If you want something that captures the spices associated with the wintertime, then how about a carrot cake? Full of cinnamon, ginger and cloves, it's packed full of crunchy walnuts and layered with a deliciously zesty orange buttercream for a real taste of the season.
Nicola Thomas, Boutique Bakery
Q. We're looking for a winter-wedding showstopper of a big-day bake. What can you suggest?
A. Sarah Yearsley says: Winter can be such a magical time of the year for a wedding, especially around Christmas. When it comes to designing a showstopper wedding cake there's so much inspiration to draw on during this time of the year! I tend to think of the colours and textures used for decorating Christmas trees. Gone are the days of clashing baubles, tinsel and novelty decorations. I'm thinking deep reds and greens with berries and gold, jewel tones with gold leaf, or silver with frosty white and glitter.

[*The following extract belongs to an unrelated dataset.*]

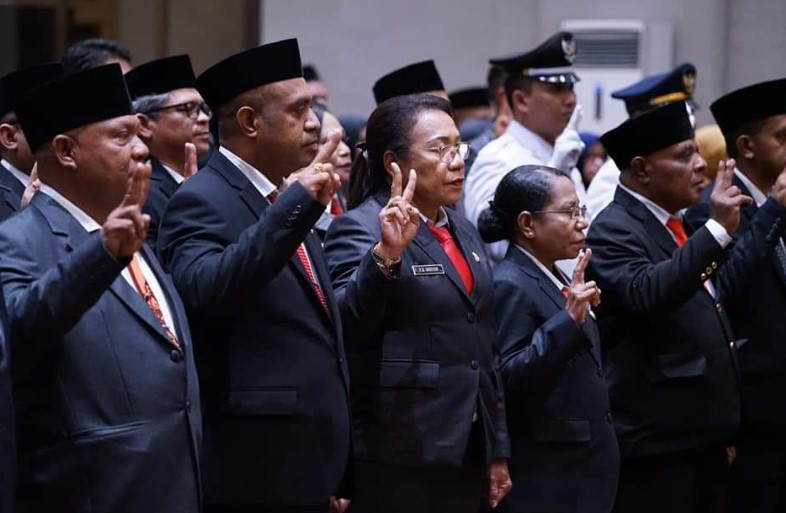 TNews, BIAK NUMFOR – Bupati Herry Ario Naap, S.Si.,M.Pd kembali melakukan pelantikan dan pengambilan sumpah terhadap jajaran pejabat eselon II, III dan IV, bertempat di KSL Grand Ballrom, Kamis (29/12).
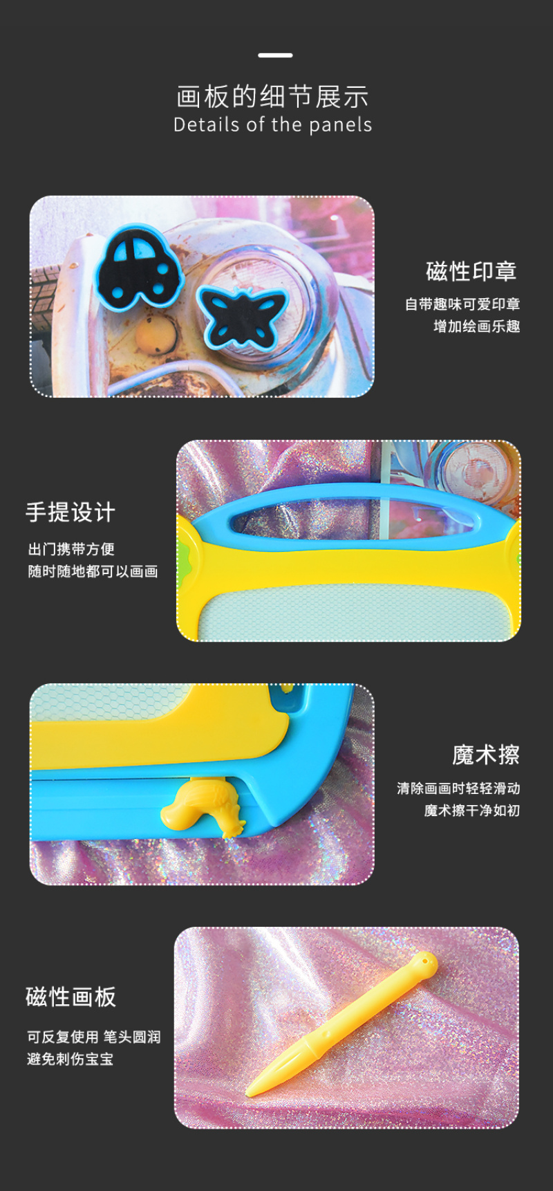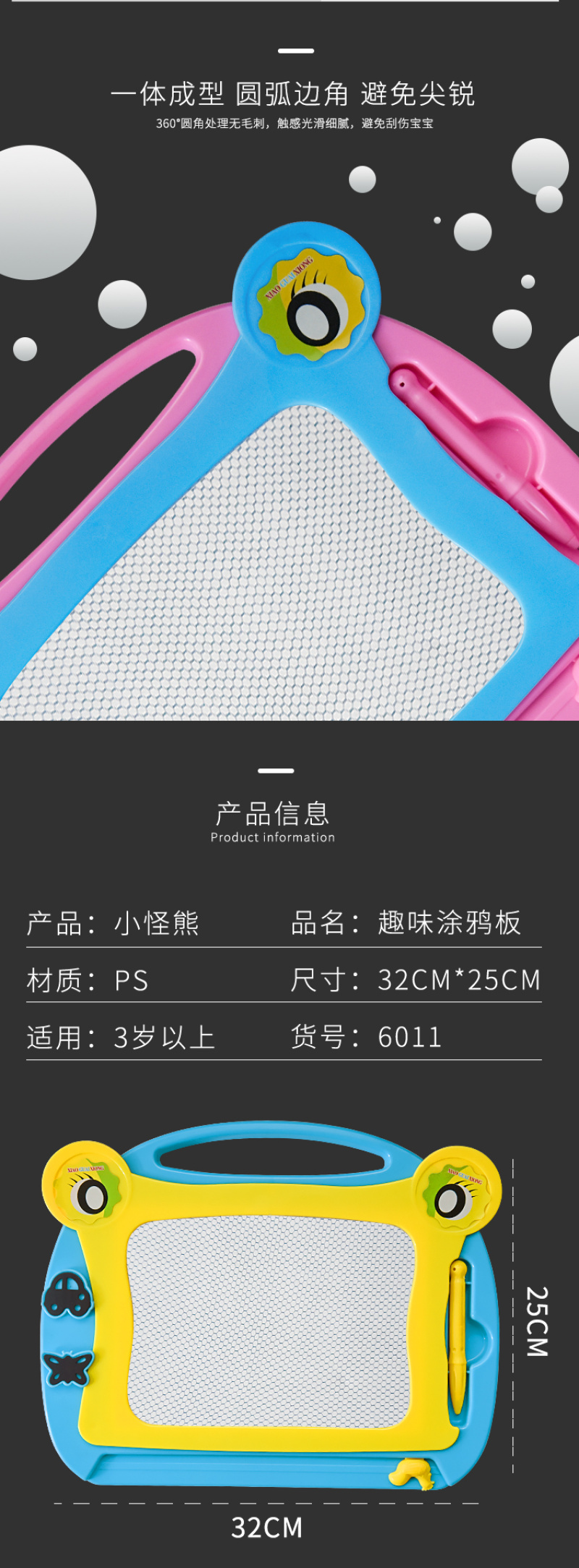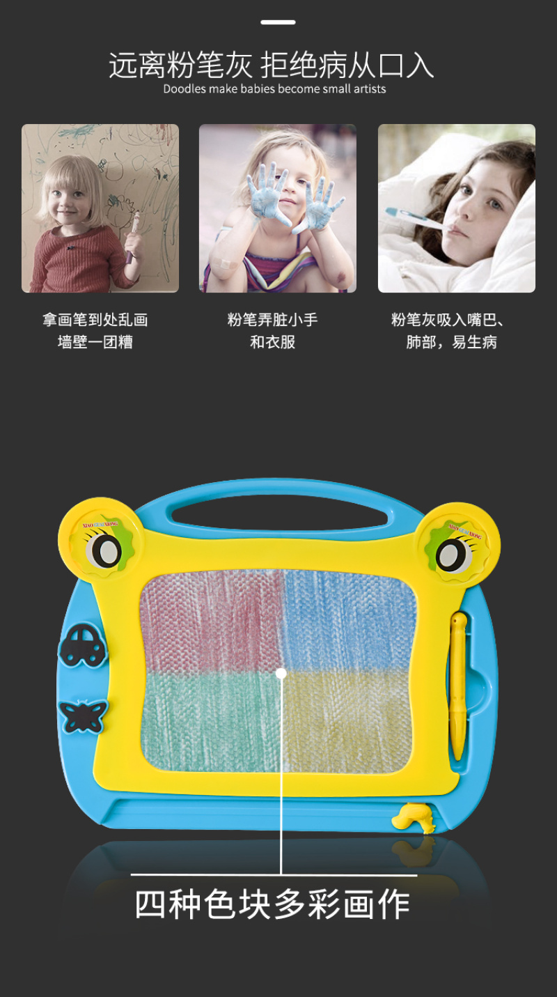 磁性彩色青蛙卡通可爱画板儿童早教带印章幼儿益智类教具新款 English | 投诉

I made a wedding cake last year that would fit in perfectly with a white winter wonderland theme. This cake had tiers of varying textures, using icing-like material, pearls and silver lustres to add a sheen, all finished off with a ruffle ball on the top to bring more height. Another idea is to add sugar flowers, which can be made to match your bouquet and can look amazing with the addition of some berries and frosted pinecones. To personalise your cake, why not add your names or initials with a bit of metallic gold or silver?
Winter can also be reflected in the flavours you choose for your big-day bake. Rich fruit cake is an obvious one, but think of indulgent desserts like sticky toffee pudding or chocolate orange brownie.

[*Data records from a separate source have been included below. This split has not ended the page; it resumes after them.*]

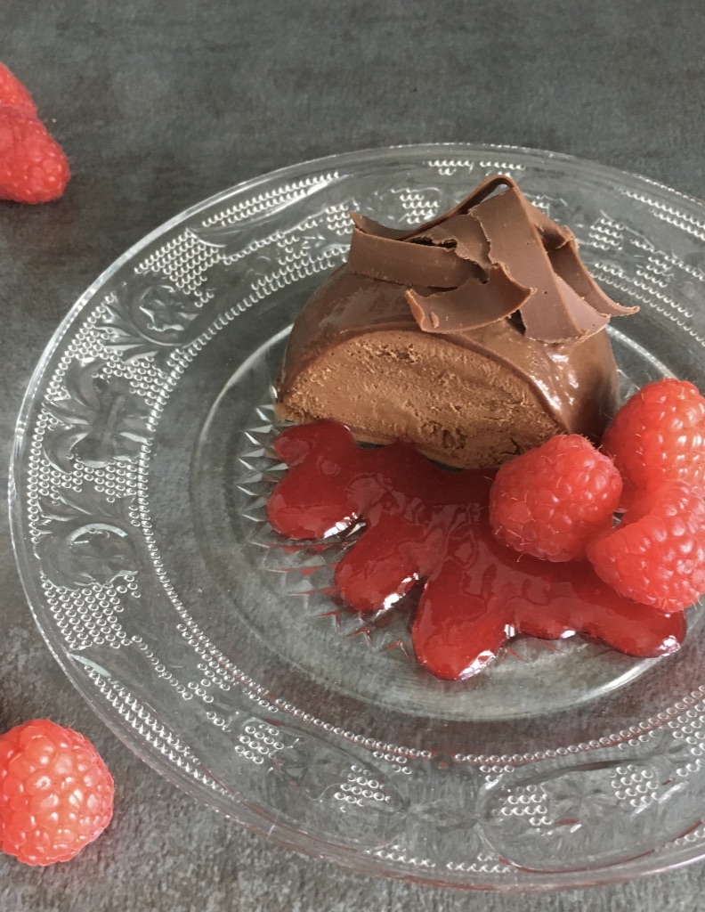 *I’ve stored and served these both from the freezer (let stand for 5 minutes at room temperature before serving) and from the fridge. The various chocolate coatings and mousse take on a different texture and taste from the freezer. I’ve had various taste testers say they preferred the domes from the freezer, while others insisted the ones from the fridge were superior! I’d suggest you try it for yourself! Either way, garnish with Raspberry Coulis, a Candied Orange slice and Dark Chocolate Orange Fudge Sauce, (recipes coming soon) or simple chocolate curls and enjoy!
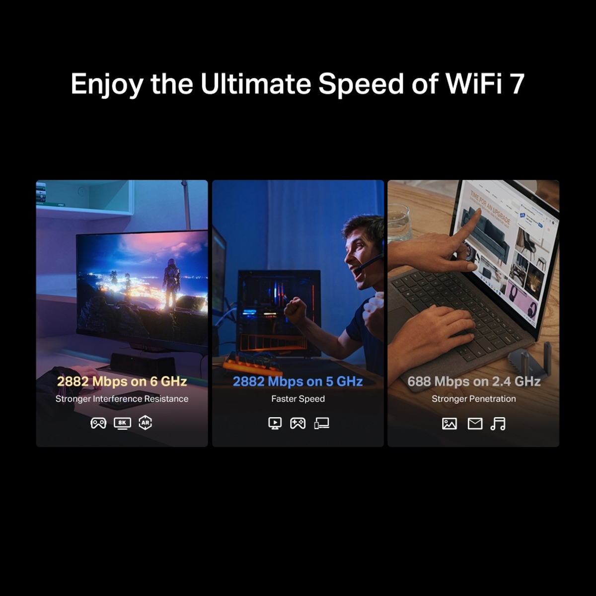 • Трибандова Wi-Fi скорост – Скорости до 2882 Mbps (6 GHz) + до 2882 Mbps (5 GHz) и до 668 Mbps (2.4 GHz).
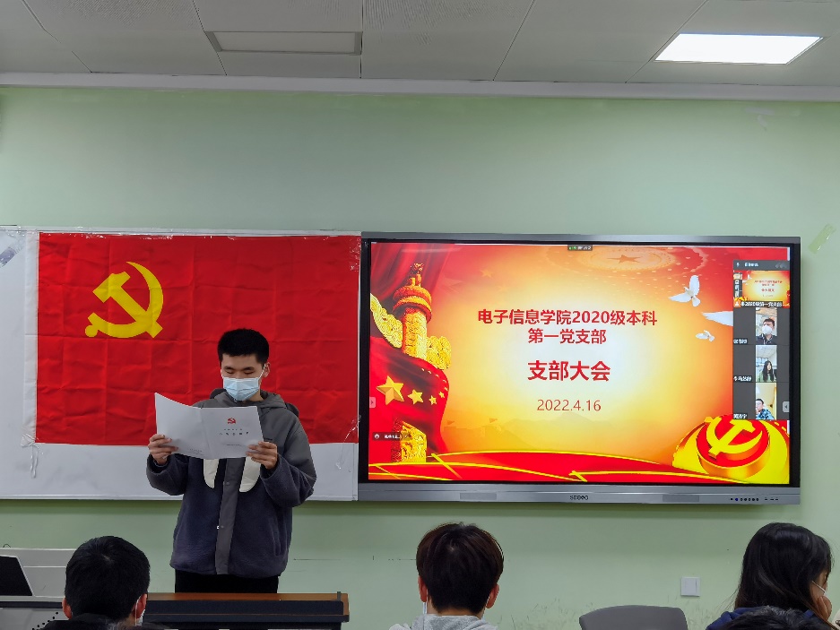 2022年4月16日下午2时,yl23411永利(集团)有限公司官网2020级本科第一党支部在江安校区一教D102召开支部大会,2020级辅导员兼支部书记陈晓娟老师主持了本次会议,本次会议主要对李钰晶、刘建乐等共计14位发展对象是否成为预备党员这一问题进行了表决。

Sarah Yearsley, Cheshire Wedding Cakes
Q. We both have a sweet tooth, but aren't fans of traditional wedding cake. What can you suggest as an alternative?
A. Nicola Thomas says: A macaron tower is the perfect alternative to a traditional wedding cake, providing an unusual and beautiful centrepiece. You can choose to have your macarons all one colour, include hand-painted details, or even opt for a multi-shade ombré effect running up the height of the tower. As each one is no more than a mouthful or two, why not play around with the flavours too - they can all be the same or you can decide between a wide variety of tastes, such as salted caramel, raspberry, pistachio, coffee, vanilla, chocolate or honey – there are so many possibilities!

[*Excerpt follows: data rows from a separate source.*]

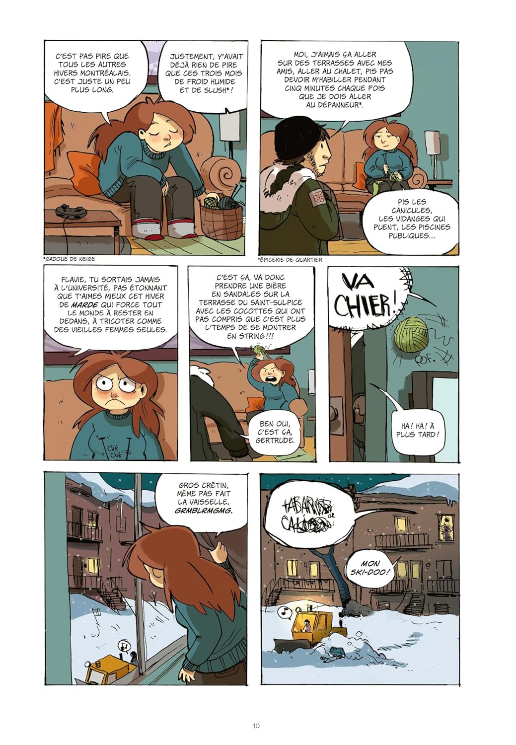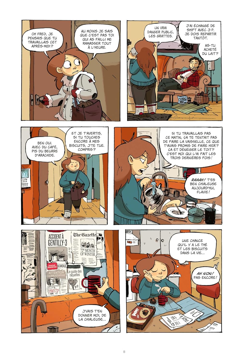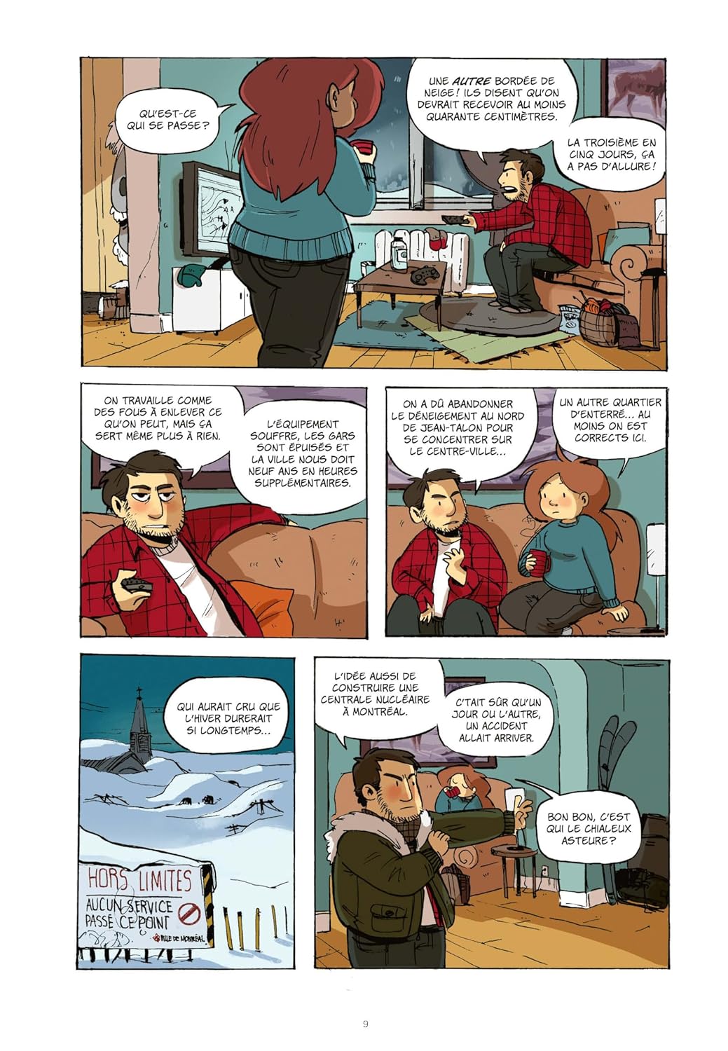 Si on se demandait à quoi ressemblerait notre vie après un accident nucléaire, cet album offrirait une version a priori pas si insensée que ça, même si pour le coup l’intrigue se déroule au Canada. D’ailleurs, lecteur français, prépare-toi à découvrir des expressions bien de là-bas. Cela peut paraître un peu déroutant au début mais, au fil de la lecture, on s’habitue au point de se surprendre à trouver la signification de celles-ci bien plus rapidement. A noter que cet album est une intégrale des trois volumes de la série initialement publiés au Canada. La protagoniste, plutôt solitaire, va s’ouvrir peu à peu aux autres au fil de l’aventure et c’est bien là où veut nous emmener Cab, l’autrice montréalaise. Les rapports humains et l’évolution climatique qui découle de la situation donnent un savant mélange où le second degré n’est jamais loin et permet de dégoupiller une situation critique.
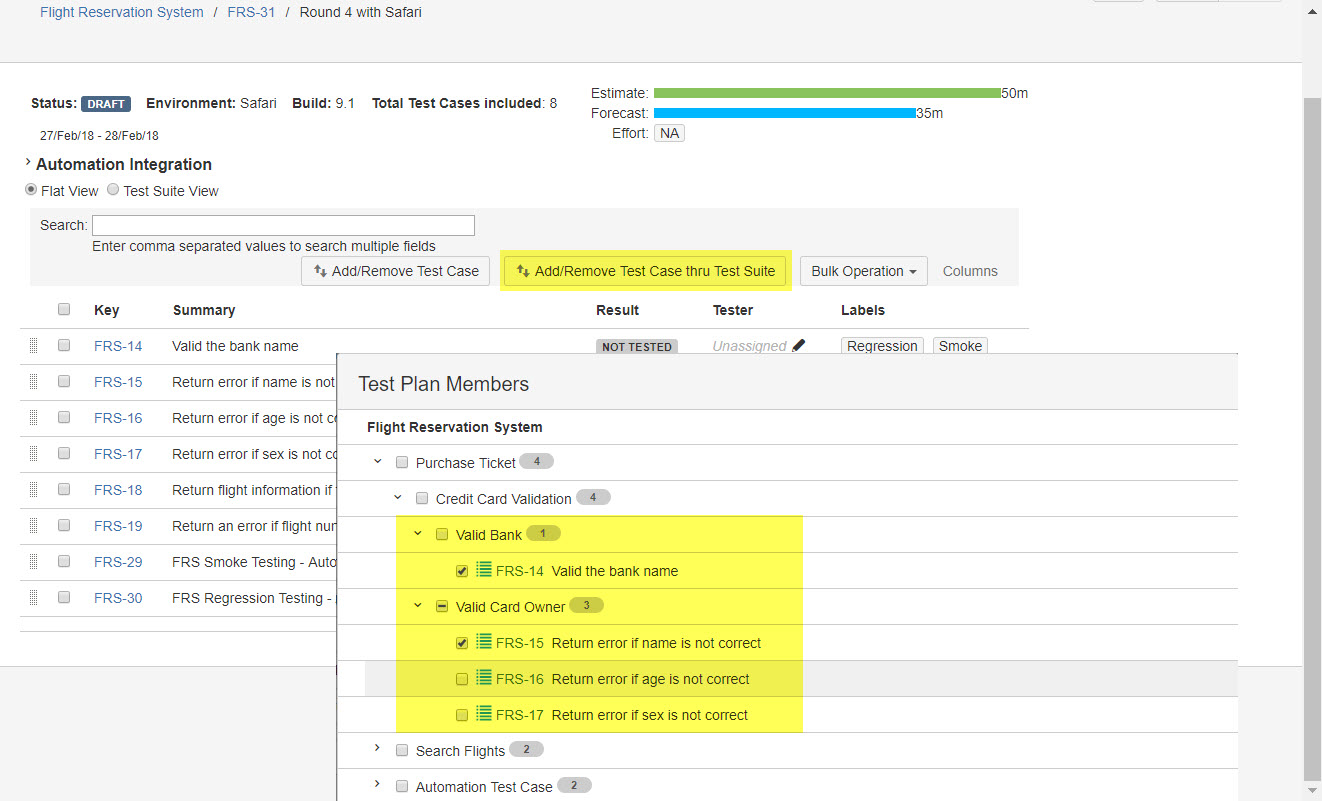 Introduced an additional view mode 'Test Suite View', let the user adjust test cases in test cycle from test suite (tree view).
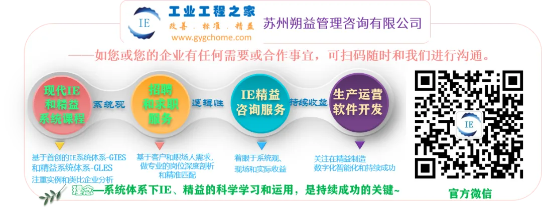 关注我们,享受系统、专业、体系化、重实用的IE精益知识讲解和岗位推荐剖析服务。关于IE、精益系统课程学习、企业IE精益培训、辅导以及其它咨询或合作,可随时联系我们~

If you'd still like to include a traditional element to your tower, why not top it with an iced cake? Not only does it give you the opportunity for fabulous cake cutting photographs, but you also get the best of both worlds. If you'd like to add a little more decoration, they can look fabulous festooned with fresh flowers, or equally stunning topped with a single statement sugar bloom.